To date, U.S. officials have provided only vague details about a new training and vetting regimen and hope for long-elusive reconciliation among rival opposition factions.
Washington is going ahead with a plan to reboot the FSA despite the fact that U.S. officials have acknowledged they have not been coordinating airstrikes with FSA commanders, apparently out of fear that information will be leaked to the targeted militants.
Interviews with opposition fighters in southeastern Turkey, long a rear-guard base for sundry Syrian rebel factions, underscore the magnitude of the challenge facing the White House in creating a viable military partner on the ground in Syria.
Demoralized former rebels can be found wandering around the vast region, eking out a living as laborers, cooks and shopkeepers, wondering what had gone wrong since the early days of lively street protests and chants for freedom in the streets of their nation.
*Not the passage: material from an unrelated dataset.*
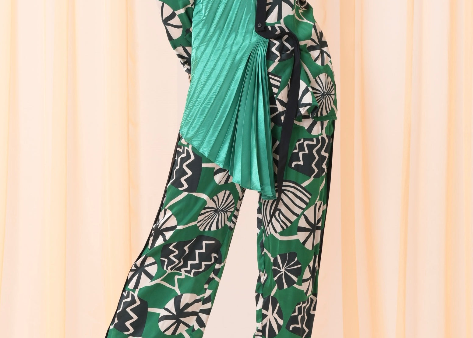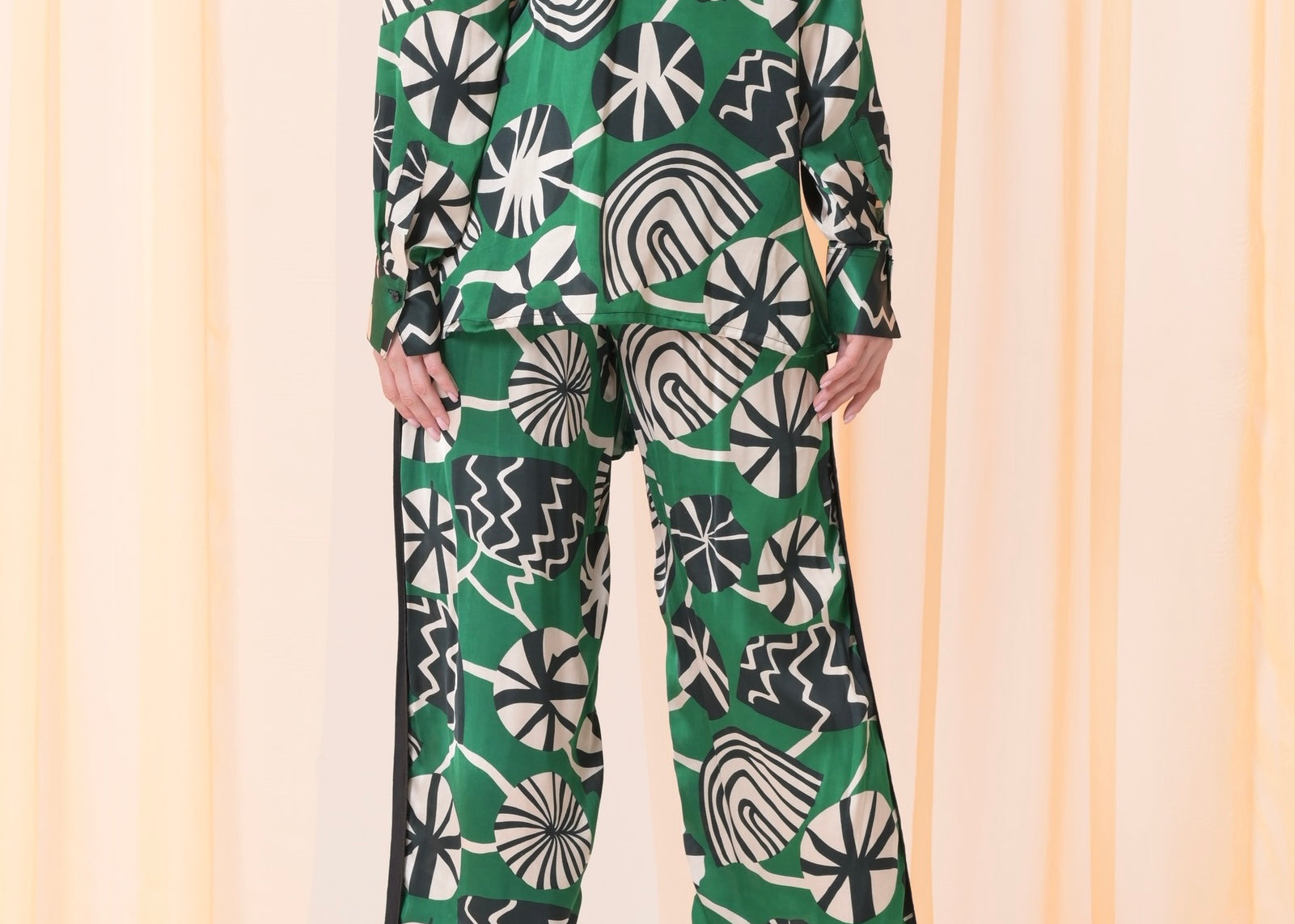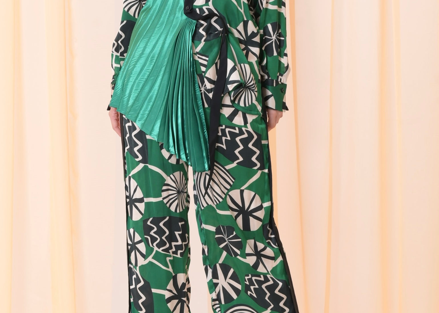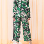 Green silk pants set

That Washington has belatedly become directly involved in Syria’s conflict — but with airstrikes that target Islamic State, not Assad’s forces — is the latest twist that many find unfathomable.
“There’s some big game being played out right now, we just don’t know what it is,” theorized Abu Abdullah, 36, nicknamed for an exiled FSA rebel chief in eastern Syria’s Dair Alzour province, who spoke at an upscale cafe in the Turkish city of Sanliurfa.
Some analysts question whether any meaningful “moderate” opposition even exists among the disparate and radicalized array of Syrian rebel groups, many of which have sectarian agendas. The fighters’ ranks generally fall along a spectrum ranging from conservative Islamist to some incarnation of extremist.
While decrying Islamic State, former and current FSA fighters insist that toppling Assad’s government must remain the priority.
“Why didn’t America bring their warplanes when people were eating cats in the Ghouta?” asked Mohammed, 50, the ex-FSA man in this Turkish border town, referring to a largely rebel-controlled expanse outside the capital, Damascus, long under government siege.
Mohammed, who, like others, asked that his full name not be used for security reasons, was previously a commander with the Farouq Brigade, once among the more celebrated outfits of the FSA, always more of a loose franchise operation than a top-down alliance. Farouq’s stature took a hit after a number of embarrassing episodes, including notorious video of a Farouq-affiliated fighter carving up the corpse of a Syrian soldier and taking a bite of his lung.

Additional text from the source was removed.